Featured image of post How to Make High Protein Vegan Meals No Soy

How to Make High Protein Vegan Meals No Soy

But it deserves a separate paragraph as it's used in so many meat replacement products.

Twice-Cooked Crispy Fried Tofu

The stuff generally contains loads of sugar but very little protein.

Recipe Summary Twice-Cooked Crispy Fried Tofu

When I can't get kosher meat, I simply do without but today I just craved something meaty. I had a pack of extra-firm tofu in the fridge and this is what I did with it. Baking the tofu before frying helps to crisp it up and imparts the meatiness I was seeking. My BFF thought it was fish at first glance. He is not into foreign foods but he was very enthusiastic about these yummy little bites when served with dipping sauce.

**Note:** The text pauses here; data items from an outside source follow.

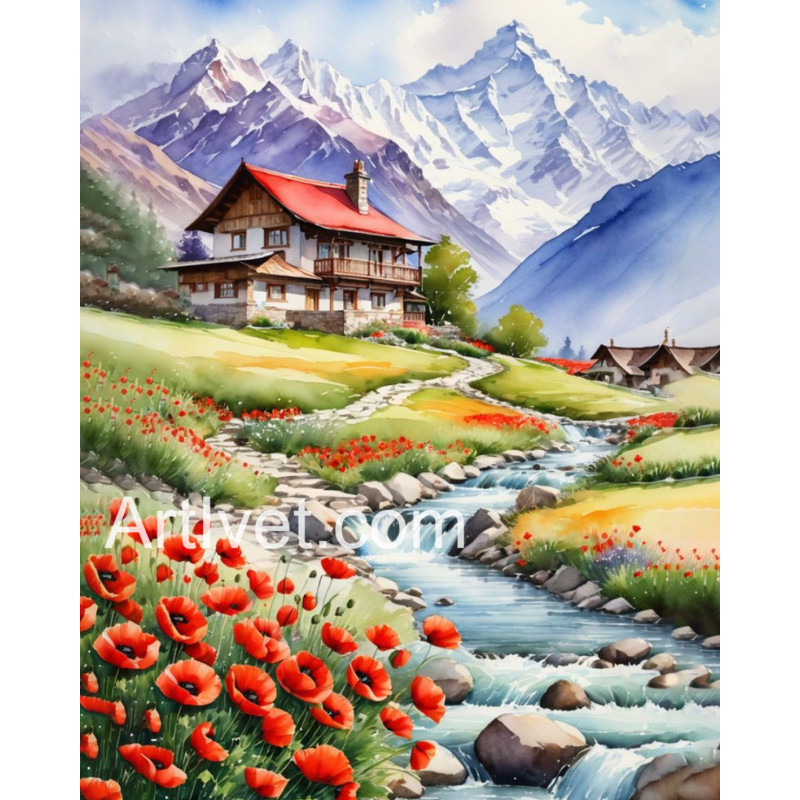 Pictura pe numere - Macii langa casa de pe coasta muntilor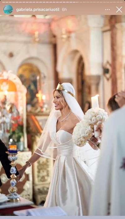 Gabriela Prisăcariu a îmbrăcat o rochie de mireasă de un alb impecabil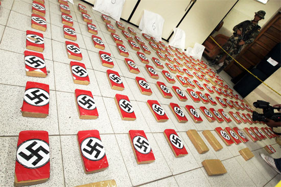 In the trunk of a station wagon, a man was carrying 204 kilos of cocaine in mold type bricks, all wore the nazi logo.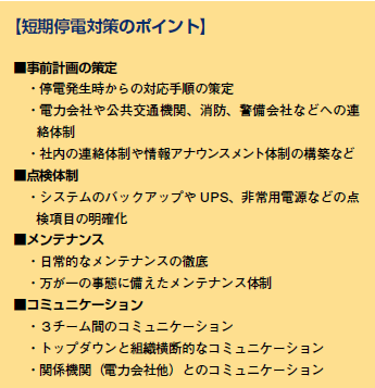 「停電だけでなく、ネットワークの切断や、施設が使えなくなった場合など、年間を通じてさまざま なシミュレーションを実施し、計画の実効性を高めていくことが重要です。実際に場所を移してオペ レーションをしてみるようなことも大切でしょう」 (同) 。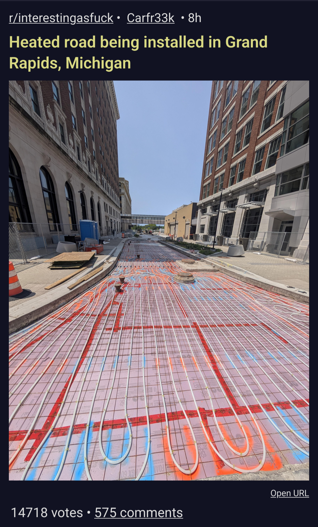 I am pretty sure there is plenty of excess heat in the sewers of most cities. Compared to having to redo the street and sewers from salt damage, operate a fleet of plows and all the other currently used measures, it could even be worth it if the heat comes from a boiler.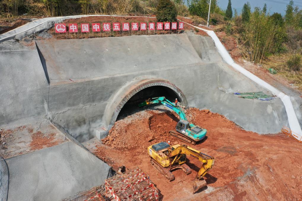 3月30日拍摄的成渝中线高铁首座隧道——黄连堡隧道施工现场。新华社记者唐奕 摄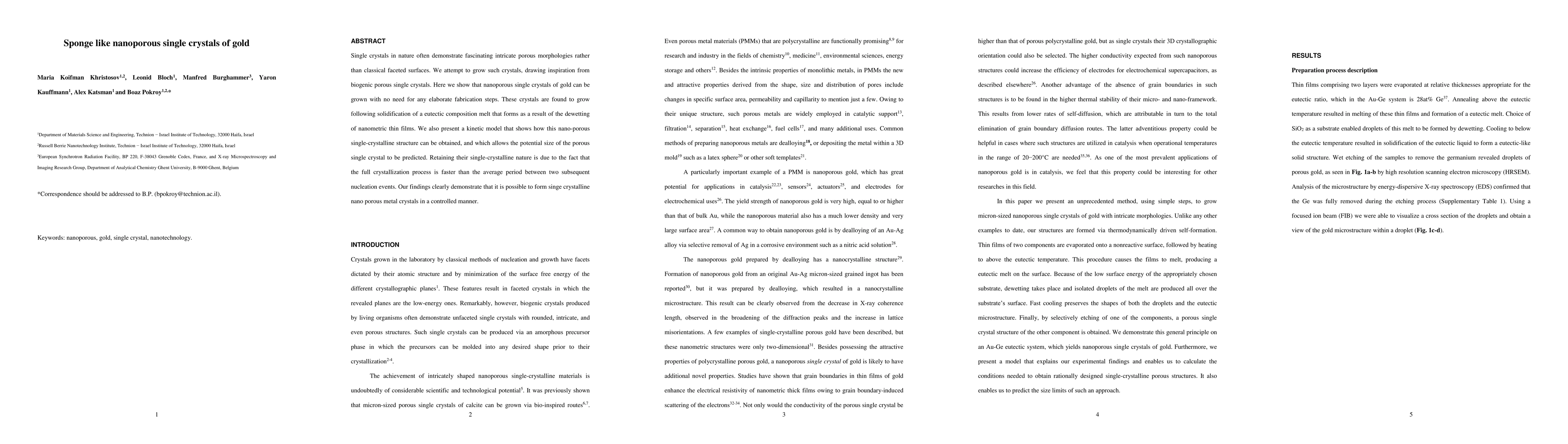 Single crystals in nature often demonstrate fascinating intricate porous morphologies rather than classical faceted surfaces. We attempt to grow such crystals, drawing inspiration from biogenic porous single crystals. Here we show that nanoporous single crystals of gold can be grown with no need for any elaborate fabrication steps. These crystals are found to grow following solidification of a eutectic composition melt that forms as a result of the dewetting of nanometric thin films. We also present a kinetic model that shows how this nano-porous single-crystalline structure can be obtained, and which allows the potential size of the porous single crystal to be predicted. Retaining their single crystalline nature is due to the fact that the full crystallization process is faster than the average period between two subsequent nucleation events. Our findings clearly demonstrate that it is possible to form singe crystalline nano porous metal crystals in a controlled manner. INTRODUCTION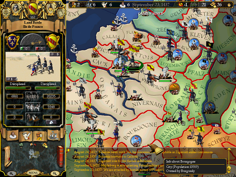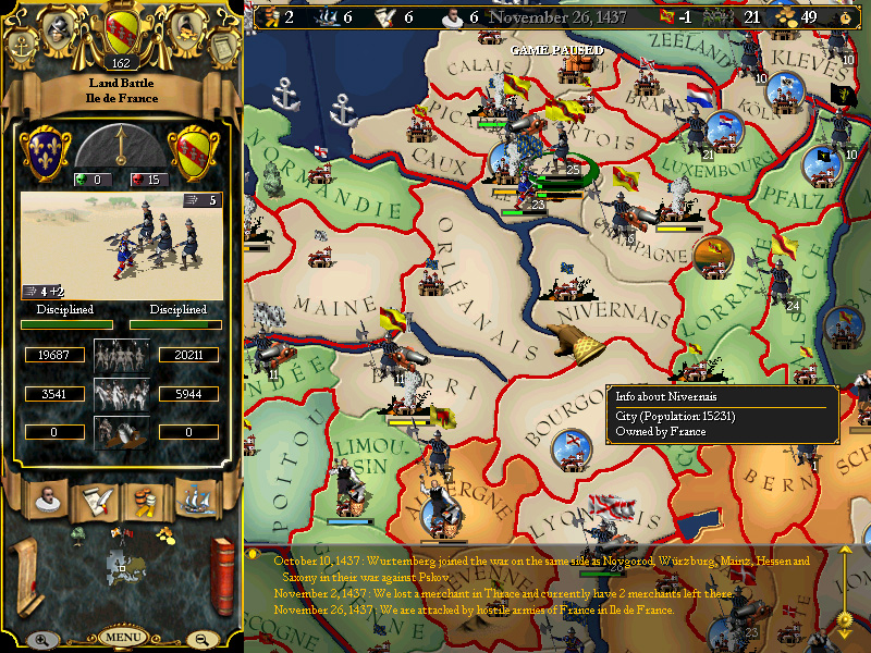 In early August, the Army of Richemont is shattered (reduced by some 50%) by 29k from Geldre marching through Champagne to Nivernais, where the dreaded General is stationed, en route to Orleanais. Overwhelmed by the men of Geldre, his army retreats across the Sein and seeks the safety of Orleanais....fortunately, it does not look like he will be attacking us any tme soon, but nor are we eager to cross the Seine from Paris and attack him.

Ingredients | High Protein Vegan Meals No Soy

  • 1 (16 ounce) package extra firm tofu, drained
  • salt and ground black pepper to taste
  • 3 tablespoons cornstarch
  • ¼ teaspoon paprika
  • ground thyme
  • ¼ teaspoon seasoned salt (such as LAWRY'S®)
  • 1 tablespoon vegetable oil
  • Directions

  • Preheat oven to 375 degrees F (190 degrees C). Lightly oil a baking sheet.
  • Pat tofu dry with a paper towel. Slice in half lengthwise. Cut each half into 1/4-inch pieces, about 14 pieces in total. Place tofu between paper towels and drain, about 20 minutes.
  • Season tofu with salt and pepper. Let sit for 10 minutes.
  • Mix cornstarch, paprika, thyme, and seasoned salt together to make cornstarch seasoning.
  • Pat any excess moisture off the tofu. Sprinkle cornstarch seasoning evenly over top. Arrange on a baking sheet.
  • Bake in the preheated oven until tofu starts to brown, about 7 minutes. Turn over and continue baking until the upper side is darkened, about 3 minutes more.
  • Heat oil in a skillet over medium-high heat. Add tofu and fry until golden-brown, about 2 minutes per side. Drain on paper towels.
  • Drain and season the tofu ahead of time then freeze in a single layer. When ready to prepare, thaw slightly and pat off excess moisture before coating with the seasoned cornstarch. The tofu acquires a meatier texture with freezing.
  • Info | High Protein Vegan Meals No Soy

    prep: 15 mins cook: 14 mins additional: 30 mins total: 59 mins Servings: 2 Yield: 2 servings

    TAG : Twice-Cooked Crispy Fried Tofu

    Everyday Cooking Recipes, Vegetarian, Protein, Tofu,


    Random Posts

  • Cheap Summer Meals For Large Family
  • Best Baking Recipes For Kids
  • Dinner Ideas For Two Pasta
  • Easy Dessert Recipes For Kids No Bake
  • How To Make Milk Chocolate From Dark Chocolate Chips
  • Lentil Soup With Sausage Chard And Garlic
  • Cold Party Food Ideas Buffet
  • Keto Vegetarian Food List
  • Oven Baked Simple Chicken Breast Recipes
  • Easy Ground Beef Casserole Recipes With Few Ingredients
  • Vodka Cocktails
  • 500 Calorie Meals Recipes Chicken
  • Slow Cooker Chicken Recipes Jamie Oliver
  • Chicken Noodle Soup Recipe Ingredients
  • Buffalo Chicken Side Dishes
  • Popular Posts

  • Cold Appetizers On A Stick
  • Heart Healthy Recipes For Picky Eaters
  • Margarita Recipe With Triple Sec
  • Easy Salad Recipes For Weight Loss
  • Most Popular Cocktails Of All Time
  • Kids Meals Houston
  • Popular Cocktails List
  • Easy Creamy Potato Soup Pioneer Woman
  • Fancy Plated Salads
  • Hearty Chicken Vegetable Soup
  • Meatless Pasta Recipes Food Network
  • Easy Ground Beef And Rice Recipes With Few Ingredients
  • Chicken Kids Image
  • Side Dishes For Chicken Pot Pie
  • Learn To Cook Online Videos
  • Images of High Protein Vegan Meals No Soy

    High Protein Vegan Meals No Soy : Choose a few higher protein ingredients in a meal and you will not have to think much about the values.